PADAS configurations:

  • Winlogbeat Sysmon Transformation: This is a set of configuration items (Tasks) that convert Winlogbeat Sysmon formatted data to Padas Datamodel so that any pertinent rule can be applied, such as Apply Rules Configuration task (before using Apply Rules Configuration task, add this rule set from Rules).

  • Out-of-the-box PADAS Rules: This sample JSON configuration contains MITRE ATT&CK relevant rules, which are tested and verified with the above example configurations. You can upload this file via Rules view to quickly get started. For any other input, it's recommended to perform transformations to match the applicable data model and PDL query to achieve standardization.

Splunk

Splunk can act as a Kafka Consumer for further analysis of Padas Alerts (populated via APPLY_RULES task function) or any other topic. Padas and Splunk integration can be accomplished seamlessly with Splunk Sink Connector and alerts can utilize Technology Add-on for Padas. Splunk Sink Connector needs to be installed on Confluent Kafka and TA-Padas will need to be installed on Splunk Search Head(s). Please follow the instructions within the links on how to properly install.

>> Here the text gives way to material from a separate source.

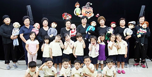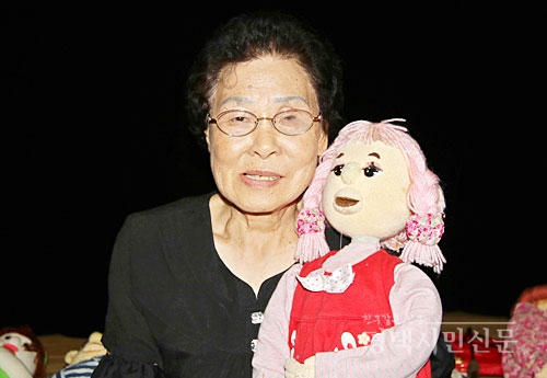 “안돼요! 싫어요! 만지지 말아요!” 무대 위 인형극을 보는 아이들의 눈이 동그랗다. 무대 뒤에는 과연 누가 있을까? 검은 천막이 가려져 있는 무대 뒤로 가자 할머니들이 인형을 움직이며 연극에 몰입하고 있다.

An example configuration for Splunk Sink Connector can be found here: splunk-sink-connector-example.json

{
  "name": "SplunkSinkConnectorConnector_Padas",
  "config": {
    "connector.class": "com.splunk.kafka.connect.SplunkSinkConnector",
    "value.converter": "org.apache.kafka.connect.storage.StringConverter",
    "topics": "padas_alerts",
    "splunk.hec.token": "e8de5f0e-97b1-4485-b416-9391cbf89392",
    "splunk.hec.uri": "https://splunk-server:8088",
    "splunk.indexes": "padas",
    "splunk.sourcetypes": "padas:alert",
    "splunk.hec.ssl.validate.certs": "false"
  }
}

If the Splunk installation has MITRE ATT&CK App for Splunk, then any alert with MITRE ATT&CK annotations are automatically integrated also. Please refer to app documentation for details.